On Tue, Jun 25, 2019 at 5:49 PM Christopher Di Bella via SG20 <sg20@lists.isocpp.org> wrote:

Are there any practical reasons for reduce(begin(v), end(v), 0, plus{}) to permit out-of-order computation? For example, is this allowed as an implementation?

```
template<class InputIterator, class T, class BOp>
T reduce(InputIterator first, InputIterator last, T init, BOp bop)
{
   #if NDEBUG
      return reduce(execution::par_unseq, first, last, init, bop);
   #else
return accumulate(first, last, init, bop);
   #endif // NDEBUG
}
```

My understanding is that it isn't allowed.

What the standard mentions explicitly is:

[ Note

The difference between reduce and accumulate is that reduce applies binary_op in an unspecified order, which yields a nondeterministic result for non-associative or non-commutative binary_op such as floating-point addition.

— end note

]

http://eel.is/c++draft/reduce#8

So this is equivalent to passing `std::execution::seq`, which allows invocations that are "indeterminately sequenced". This is different than `accumulate`, which is guaranteed to perform a left fold.

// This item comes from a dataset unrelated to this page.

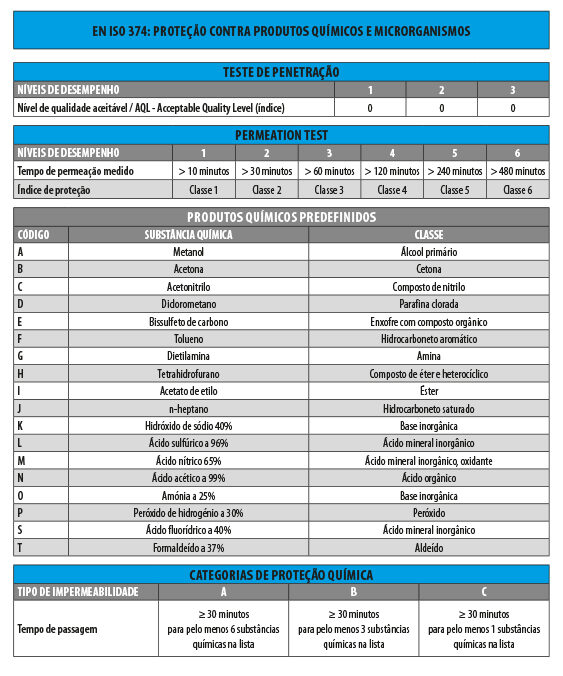 A norma especifica os requisitos das luvas destinadas a proteger o utilizador contra produtos químicos com base em três métodos de teste:

If either question can be answered with "yes", then forgetting accumulate is a non-starter,

I'd think the question should go the opposite direction:

What are the reasons to *forbid* out-of-order computation (which is the only reason to keep having accumulate around)?

The numerical algorithms are intended for numerical usages.

Maybe using a numerical type that isn't associative or isn't commutative is a task that shouldn't be done by a generic algorithm anyway?

Using other types (e.g. `std::string`; its operator+ isn't commutative of course) is not what the algorithm was designed for (this is why it is in `numeric` instead of `algorithm`) so maybe we are fine with disallowing such a usage going forward.